▶ PROBLEM TO SOLVE
Your answer should consist solely of the lines from the one holding "заводскую коробку. |" through the final line of the entries, reproduced exactly and without pictures.

*** Opening of INPUT RECORDS ***

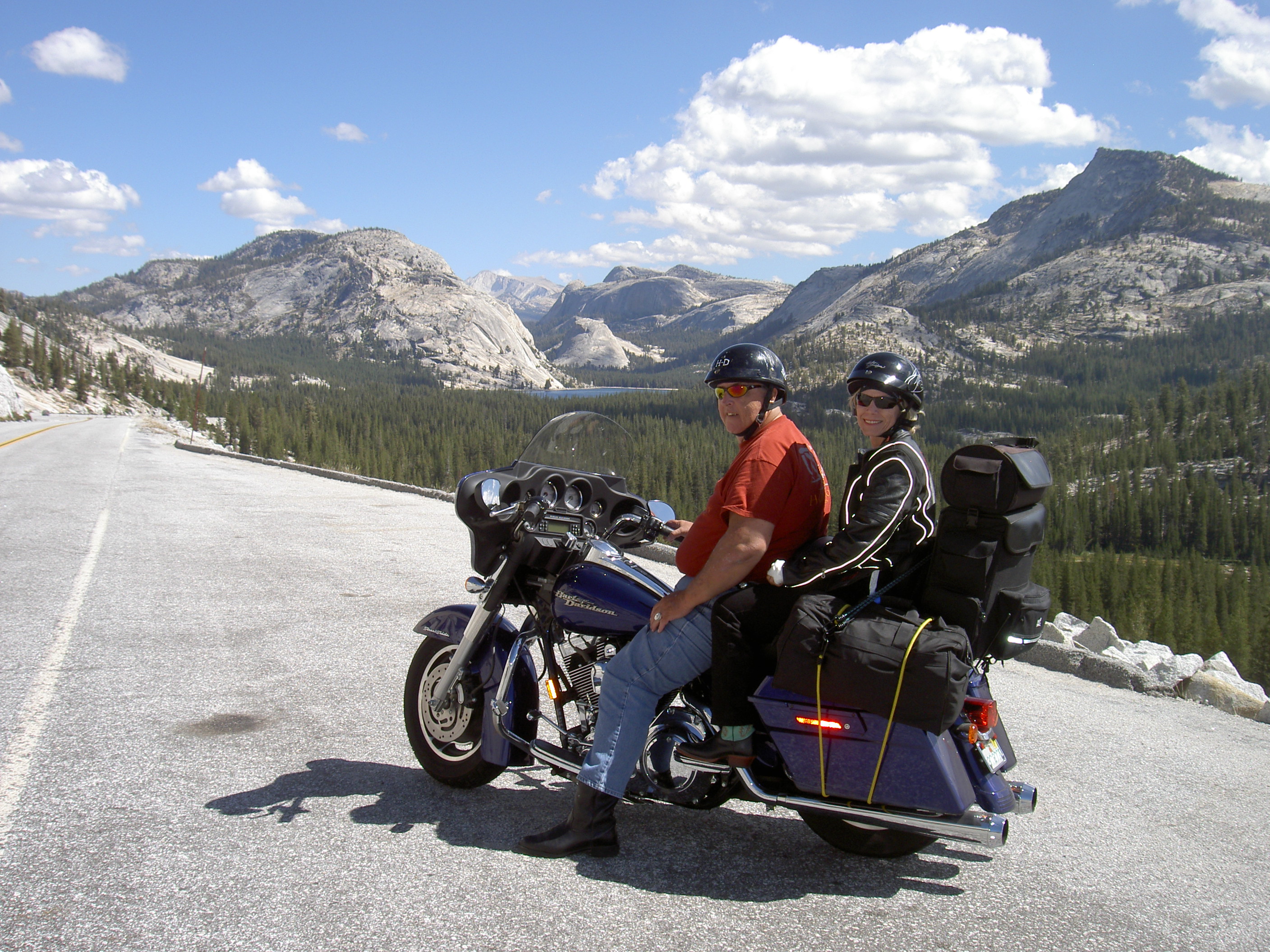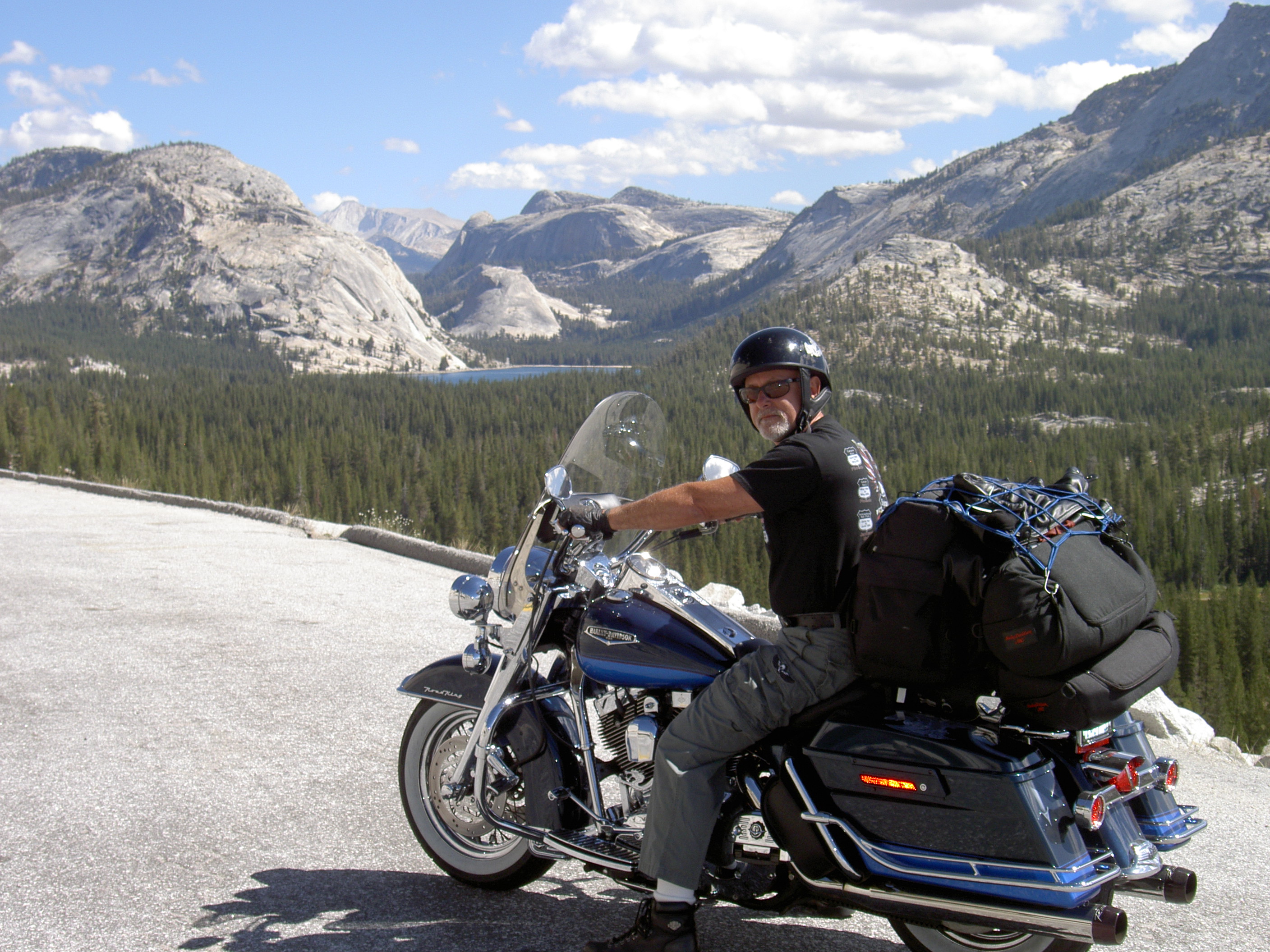 Thusday Today we will ride about 100 miles on the interstate, then back on to the back roads and stay at South Lake Tahoe................................................... Friday... You will ride the Sierria Nevada Mountain Range south to Yosemite_National_Park .................................................................................................. Saturday... into and visit more of Yosemite_National_Park over the pass and back to Reno for our last night and load bike for the return trip home.................. Sunday Return Home
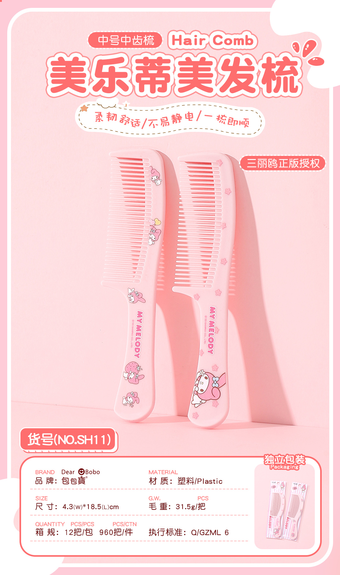 包包寳新品-三丽鸥家族美发梳
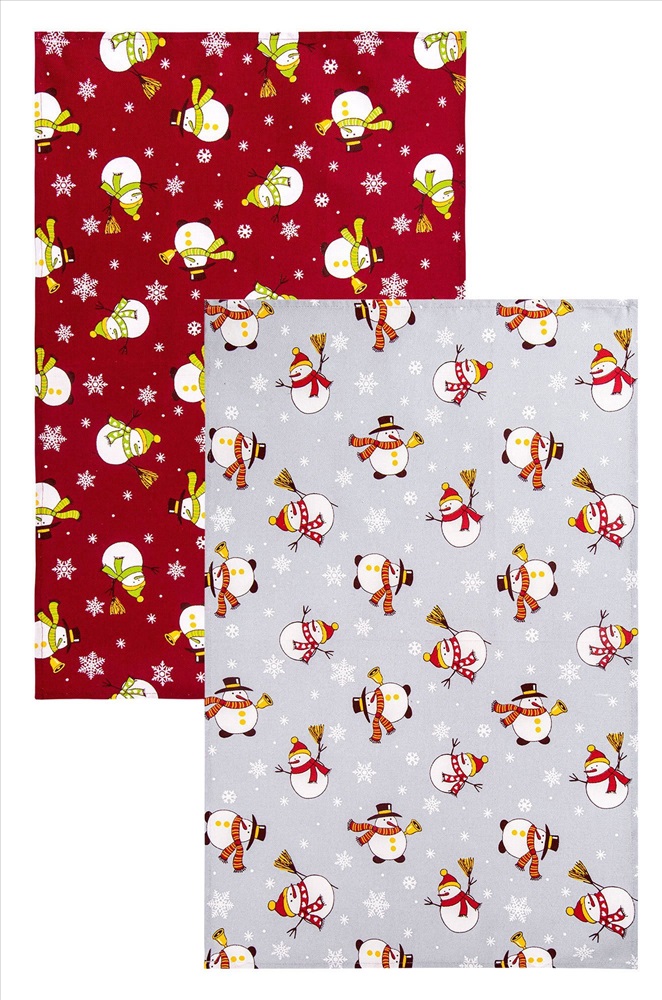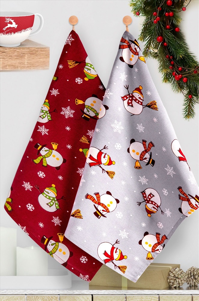 Новогодний комплект кухонных полотенец с петельками выполнен из рогожки – натурального 100% хлопка. В наборе представлены два полотенца с рисунком Снеговики на тематику зимних праздников. Полотенца выполнены в сером и красном цветах.
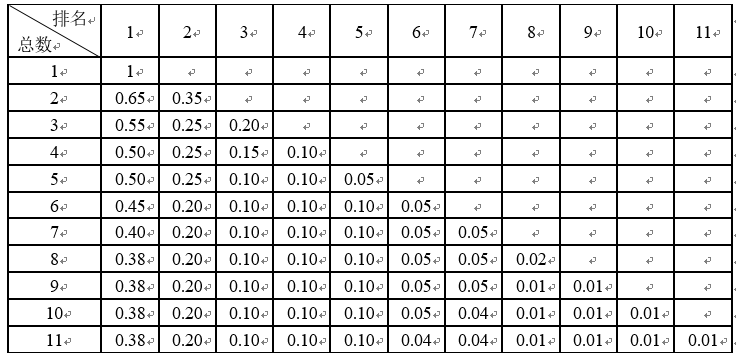 多人合作的各类成果分配系数按照下表执行。
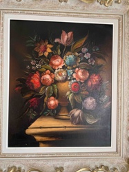 Framed Still Life Floral Oil Painting in the Dutch Masters Style
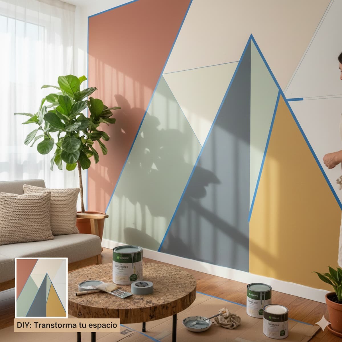 ¿Querés darle vida a tu sala sin gastar una fortuna ni generar residuos innecesarios? Un mural geométrico es una excelente forma de crear un punto focal moderno, artístico y personalizado. Y si lo haces con pintura ecológica y materiales sostenibles, el impacto positivo se multiplica.
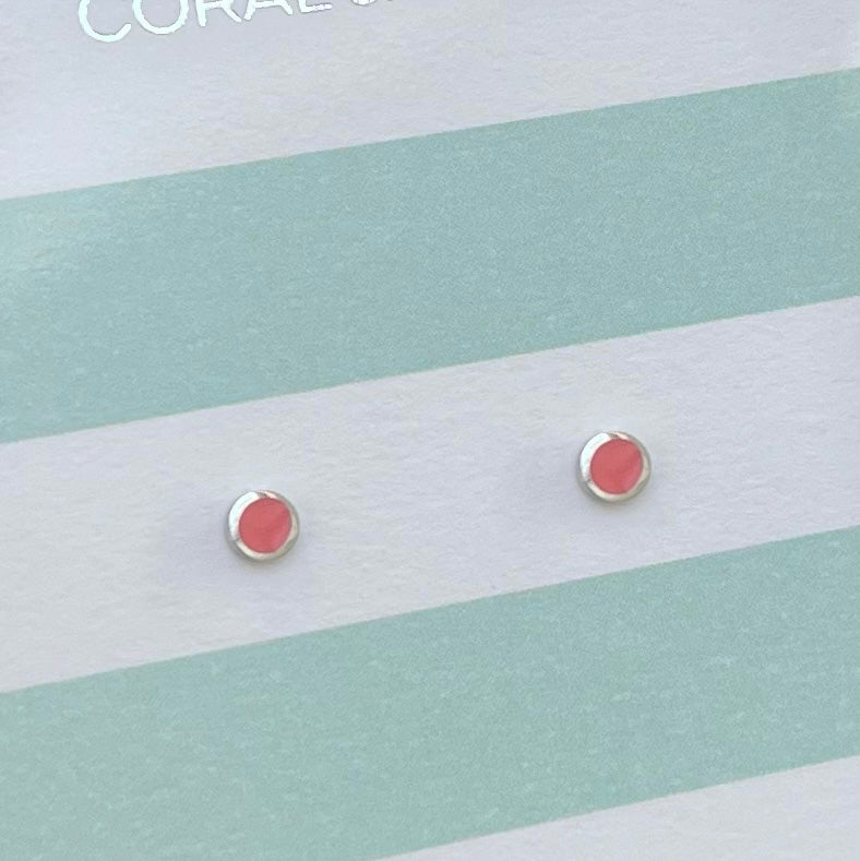 Our signature style circle studs in mini, with a new sunset coral colour way.
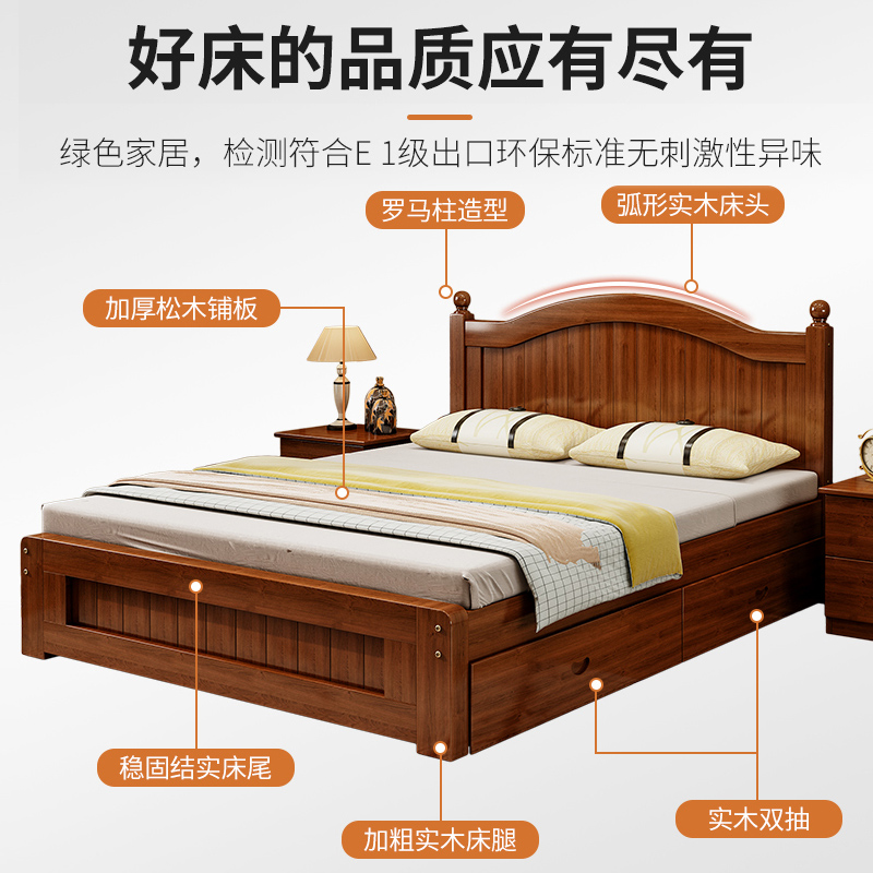 实木床1.5米双人主卧北欧式
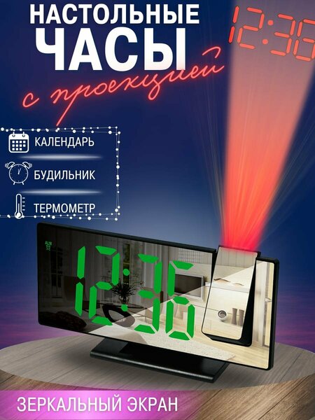 Светодиодный Будильник с цифровой проекцией, электронный будильник с проектором времени, автоматическая яркость, прикроватные часы для спальни. Описание: Модель изделия: DS-3618LP Размер: 18,5*9,5*4,2 см Материал: АБС-пластик Вес нетто продукта: 148,4 г 2 шт. AA батареи. Функция s: функция часов, функция периода, функция будильника, функция температуры, автоматическая полуяркая функция, функция ЖК-проекционных часов Характеристики: 1)Четырехскоростная регулировка яркости: Слегка нажмите верхнюю кнопку для регулировки яркости 2)Автоматическая регулировка яркости и защиты глаз: Включите автоматический полуяркий режим, и яркость автоматически тускнеет с 18:00 до 5:59 каждый день, но это только автоматический интервал переменной, его можно настраивать 3)Светодиодный проектор времени: Проекция ясна и угол проекции может быть отрегулирован; Нажмите клавишу проекции для включения или выключения; 4)Функция повтора: Нажмите кнопку после звонка, она снова зазвонит через 5 минут; Работает от сети USB кабель (в комплекте)! Батарейки для сохранения данных о правильности времени и информация о будильниках!
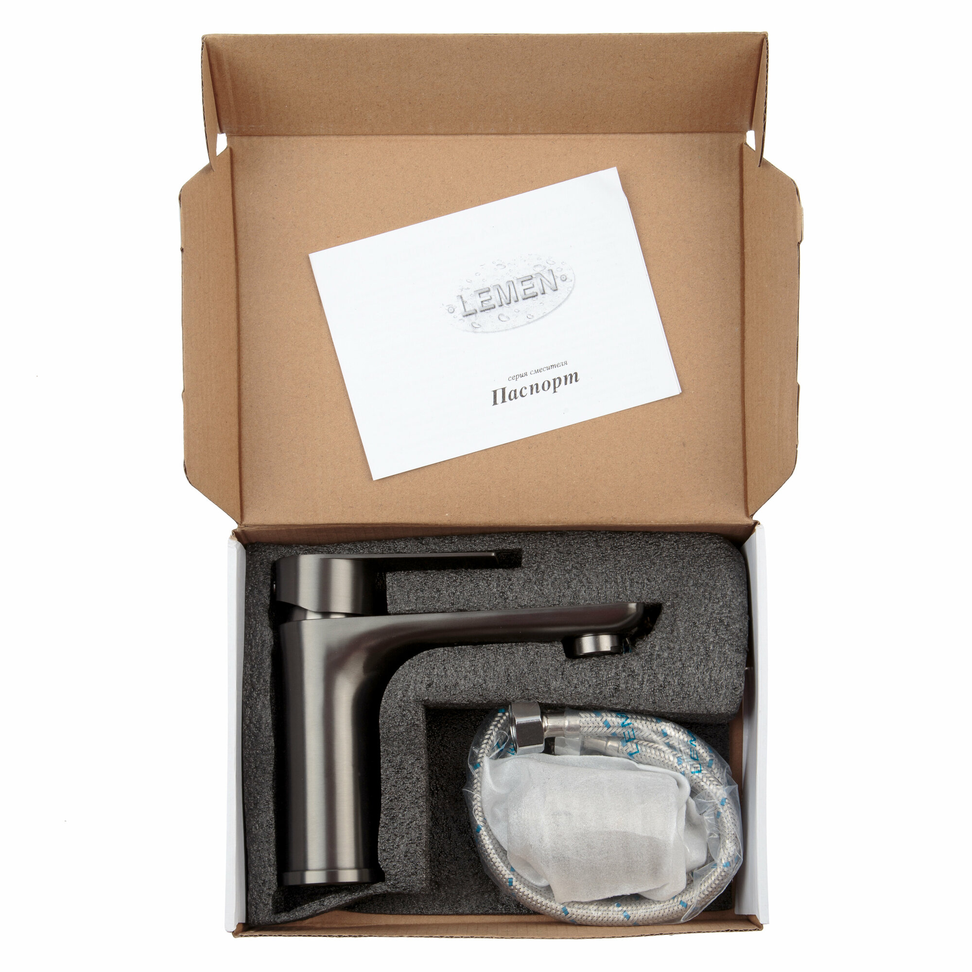 | Комплектация | Смеситель в защитном чехле, уплотнительное кольцо, прокладка, крепежная гайка с резьбовым цилиндром, гибкая подводка для горячей и холодной воды. Каждый элемент находится в защитном чехле, все элементы уложены в плотную заводскую коробку. |
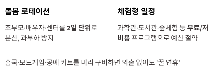 • 체험형 일정: 과학관·도서관·숲체험 등 무료/저비용 프로그램으로 예산 절약.

*** Close of INPUT RECORDS ***

▶ ANSWER SECTION
 | Комплектация | Смеситель в защитном чехле, уплотнительное кольцо, прокладка, крепежная гайка с резьбовым цилиндром, гибкая подводка для горячей и холодной воды. Каждый элемент находится в защитном чехле, все элементы уложены в плотную заводскую коробку. |
 • 체험형 일정: 과학관·도서관·숲체험 등 무료/저비용 프로그램으로 예산 절약.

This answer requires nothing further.